And this is something that grows in complexity as people use it, and whose benefits become greater to the users as they use it. Their own photos are getting tagged with metadata that somebody else entered. If somebody bothered to tag all of these saints and say who they all are, then my photo of Notre Dame cathedral suddenly gets enriched with all that data. And I can use it as an entry point to dive into that space, into that metaverse, using everybody else’s photos, and do a kind of cross-modal and cross-user social experience that way. And of course, a by-product of all of that is immensely rich virtual models of every interesting part of the Earth, collected not just from overhead flights and from satellite images and so on but from the collective memory. Thank you so much.

(Chris Anderson walks on)

CA: Do I understand this right- that what your software is going to allow is that at some point, really within the next few years, all the pictures that are shared by anyone across the world are going to basically link together?

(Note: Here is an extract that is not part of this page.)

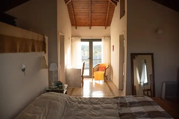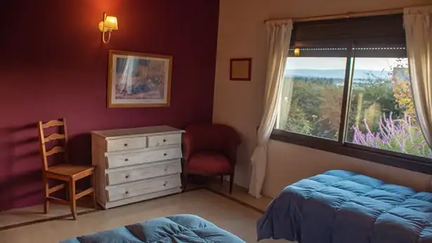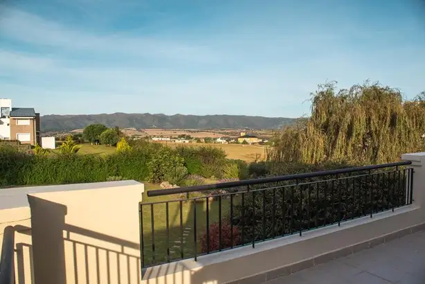En el nivel superior se encuentra la habitación principal con baño en suite con bañadera, dos (2) balcones, al oeste con vistas a las sierras grandes y al este con vista al jardín y sierras chicas.

BAyA: Yes. What this is really doing is discovering- it’s creating hyperlinks, if you will, between images. And it’s doing that based on the content inside the images, and that gets really exciting when you think about the richness of the semantic information that a lot of those images have. Like when you do a web search for images- you type in phrases, and the text on the web page is carrying a lot of information about what that picture is of. Now what if that picture links to all of your pictures? Then the amount of semantic interconnection- the amount of richness that comes out of that is really huge. It’s a classic network effect.

CA: Blaise, that is truly incredible. Congratulations.

BAyA: Thanks so much.